There is no limit to the amount of hypothesis you can test for, and give similar odds for. Just change $H_{0}$ to specify a different set of possible "true values". You could do "significance testing" by choosing the hypothesis as:

$$H_{S,i}:T_{i}=t_{i},T_{j}=T=\overline{t}_{(i)}=\frac{1}{N-1}\sum_{j\neq i}t_{j}$$

So this hypothesis is verbally "state $i$ has different median survival rate, but all other states are the same". And then re-do the odds ratio calculation I did above. Although you should be careful about what the alternative hypothesis is. For any one of these below is "reasonable" in the sense that they might be questions you are interested in answering (and they will generally have different answers)

• my $H_{A}$ defined above - how much worse is $H_{S,i}$ compared to the perfect fit?
• my $H_{0}$ defined above - how much better is $H_{S,i}$ compared to the average fit?
• a different $H_{S,k}$ - how much is state $k$ "more different" compared to state $i$?

Now one thing which has been over-looked here is correlations between states - this structure assumes that knowing the median survival rate in one state tells you nothing about the median survival rate in another state. While this may seem "bad" it is not to difficult to improve on, and the above calculations are good initial results which are easy to calculate.

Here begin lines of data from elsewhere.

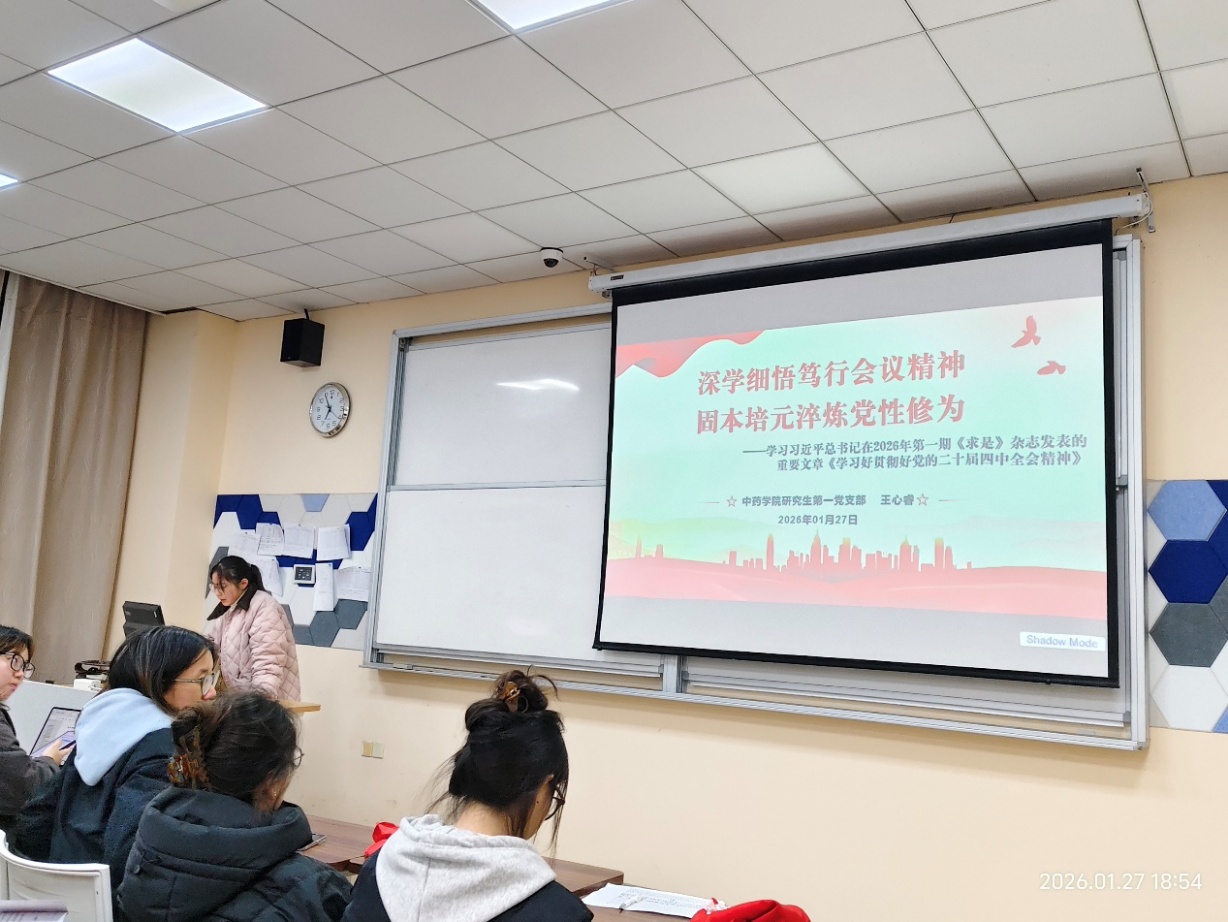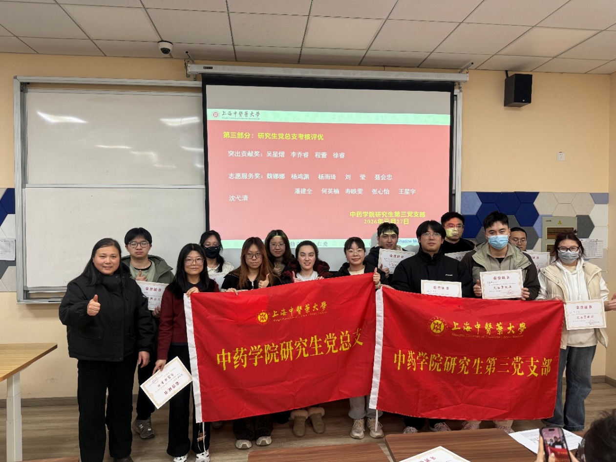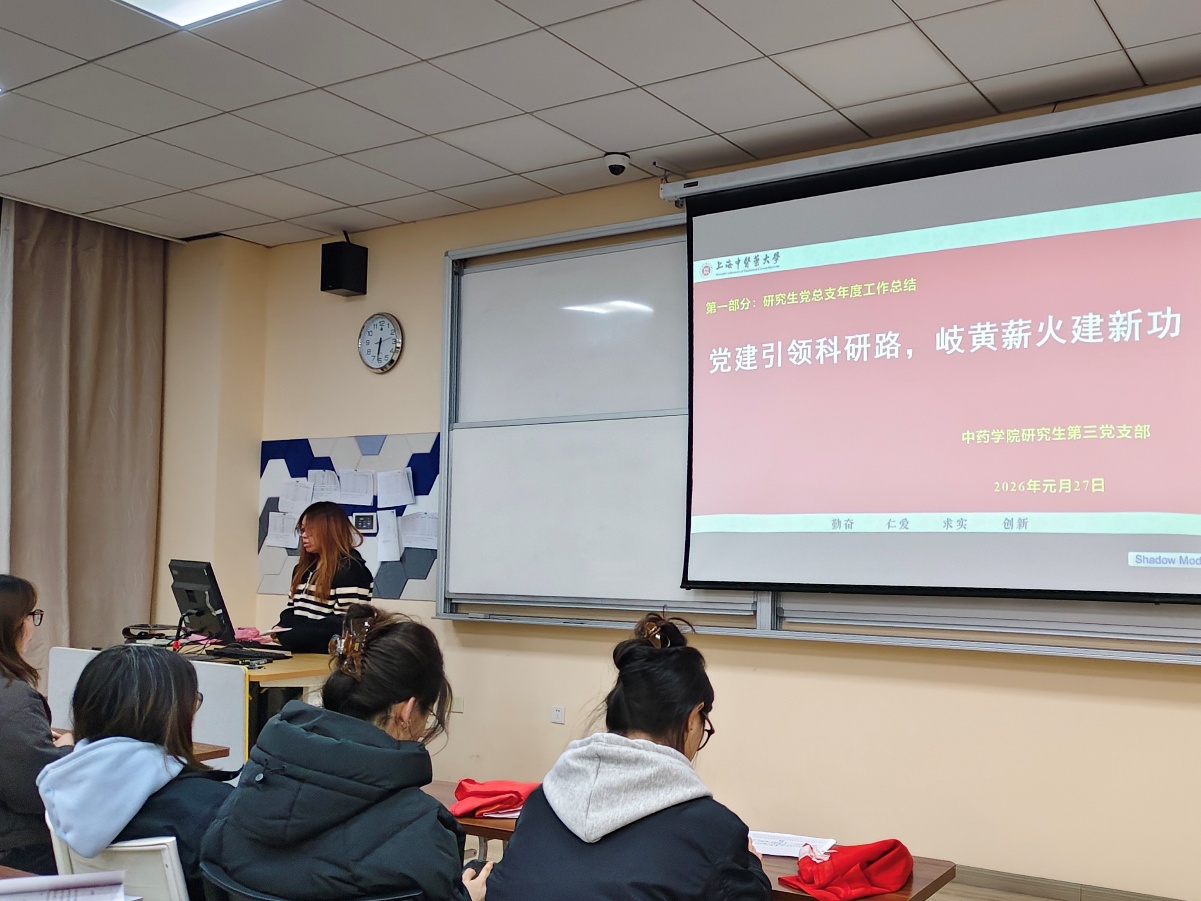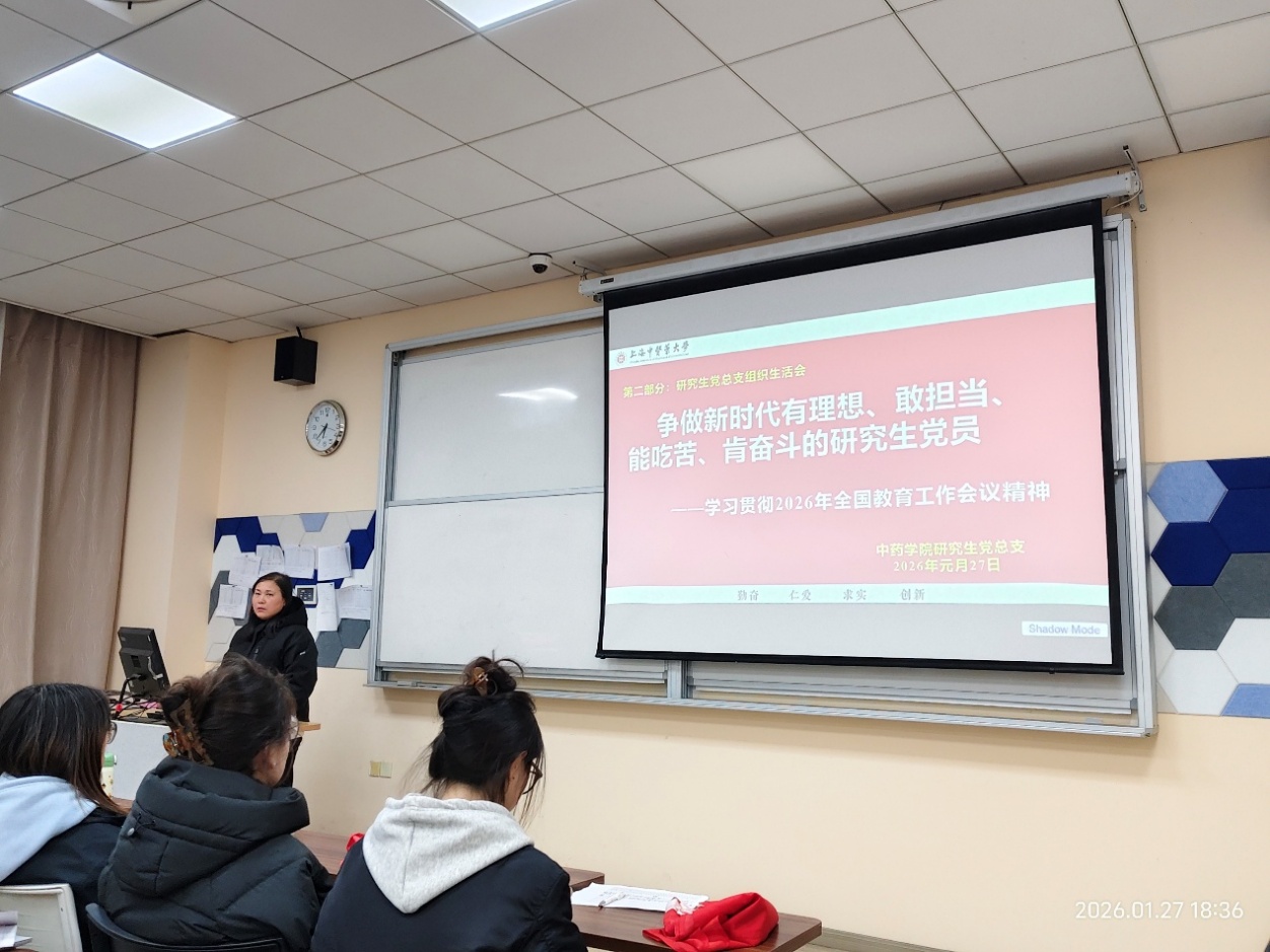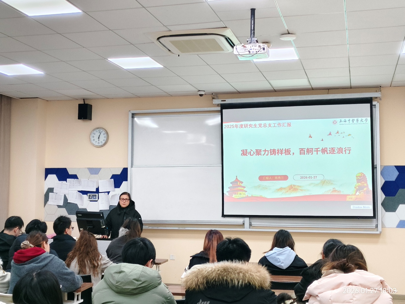 2026年1月27日晚18点,上海中医药大学收米直播 研究生党总支在7304教室召开以“争做新时代有理想、敢担当、能吃苦、肯奋斗的研究生党员”为主题的2025年度党员总结会。本次会议由收米直播 研究生党总支书记陈秀兰同志主持,党总支全体党员参会。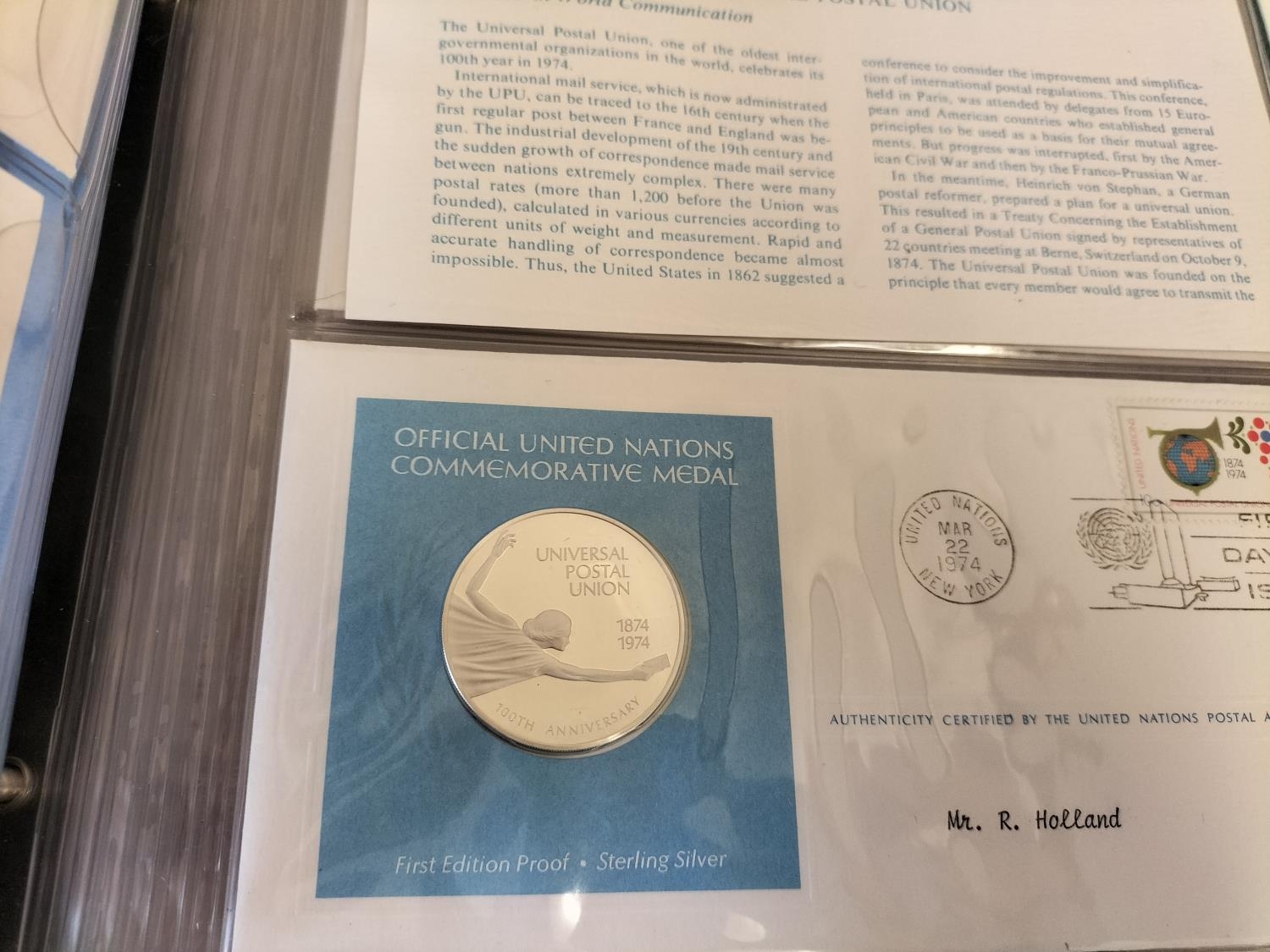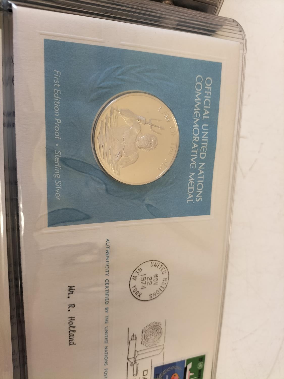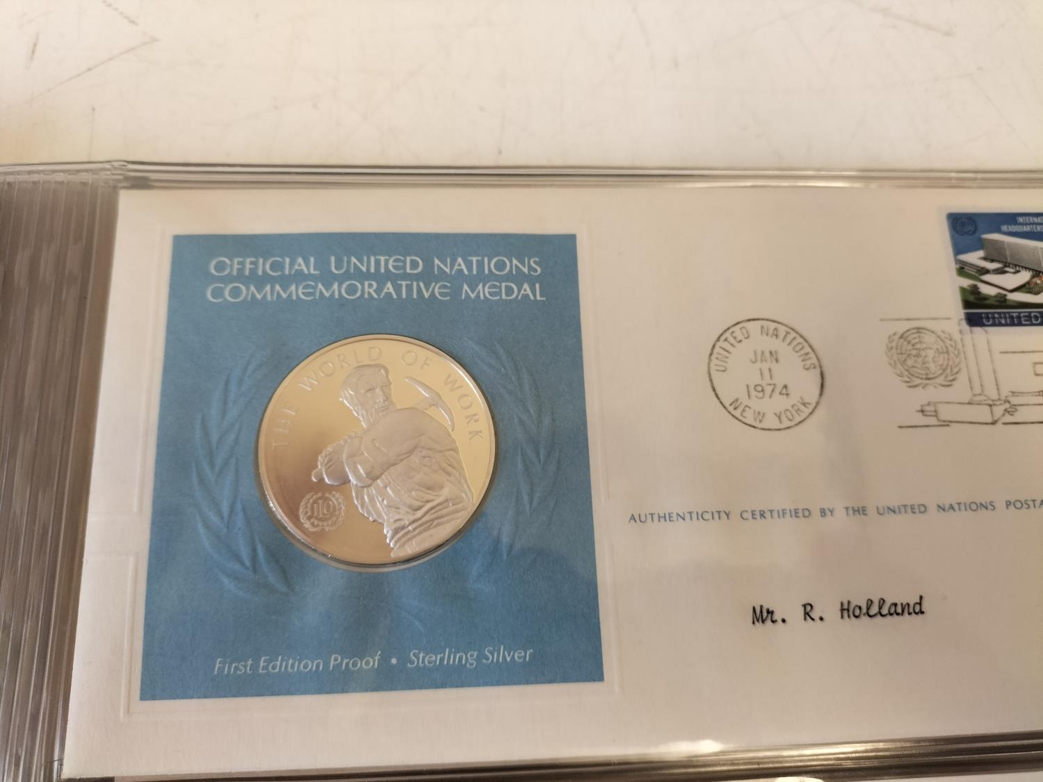 1974 Official United Nations Medallic First Day Covers containing 5 x First Edition Sterling Silver Proof Crown Size Medals.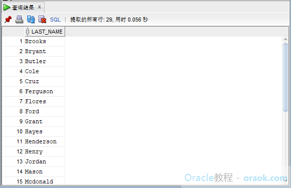在本教程中,您学习了如何使用oracle intersect运算符来比较两个查询,并返回两个查询输出的不同行。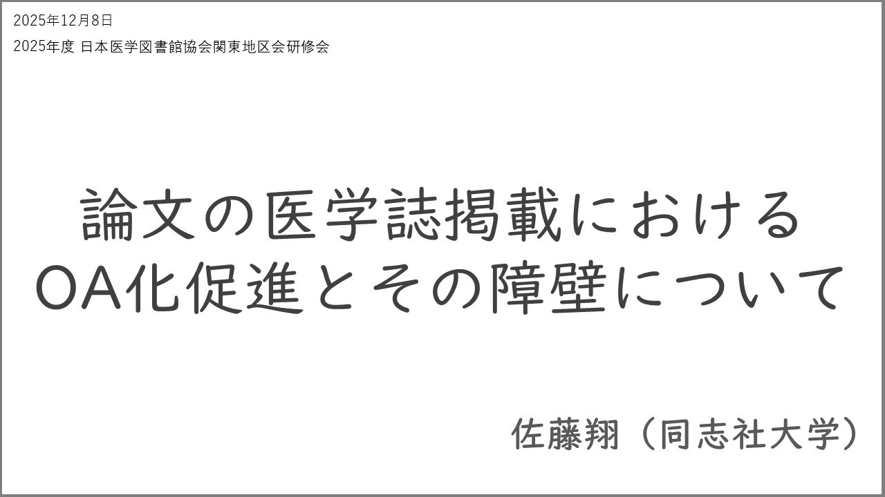 2025年度日本医学図書館協会関東地区研修会 研修会動画 研修会資料 2025年12月8日に行われた研修会の動画像と資料です。 公開は2026年3月31日までです。 研修会動画 画像をクリックしてください 研修会資料 JMLA_Kanto_2025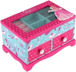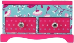 Površinu kutije krase nježni cvjetni i ptičji motivi u kombinaciji ružičaste i tirkizno plave boje, koji lijepo upotpunjuju svaku dječju sobu. Zahvaljujući čvrstoj drvenoj izradi i glatkim ručkicama, djeci je njome lako rukovati. Nije igračka – prikladno kao dekorativni i spremišni predmet.
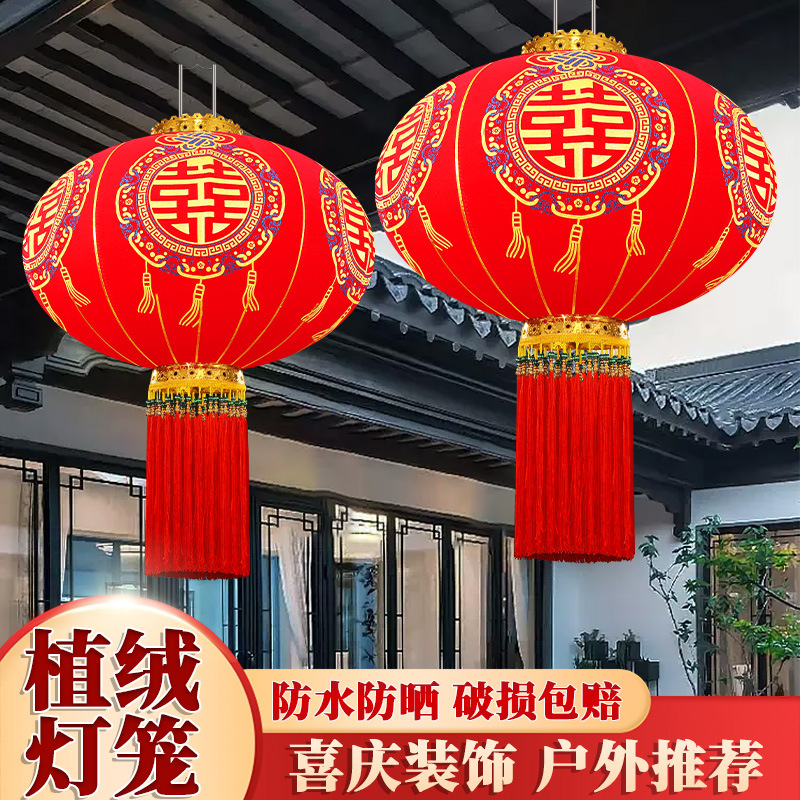 新款植绒结婚大红灯笼喜字喜庆婚房挂饰防水阳台大门元旦新年春节

Adding connections between states will change the probability models, and you will effectively see some "pooling" of the median survival times. One way to incorporate correlations into the analysis is to separate the true survival times into two components, a "common part" or "trend" and an "individual part":

$$T_{i}=T+U_{i}$$

And then constrain the individual part $U_{i}$ to have average zero over all units and unknown variance $\sigma$ to be integrated out using a prior describing what knowledge you have of the individual variability, prior to observing the data (or jeffreys prior if you know nothing, and half cauchy if jeffreys causes problems).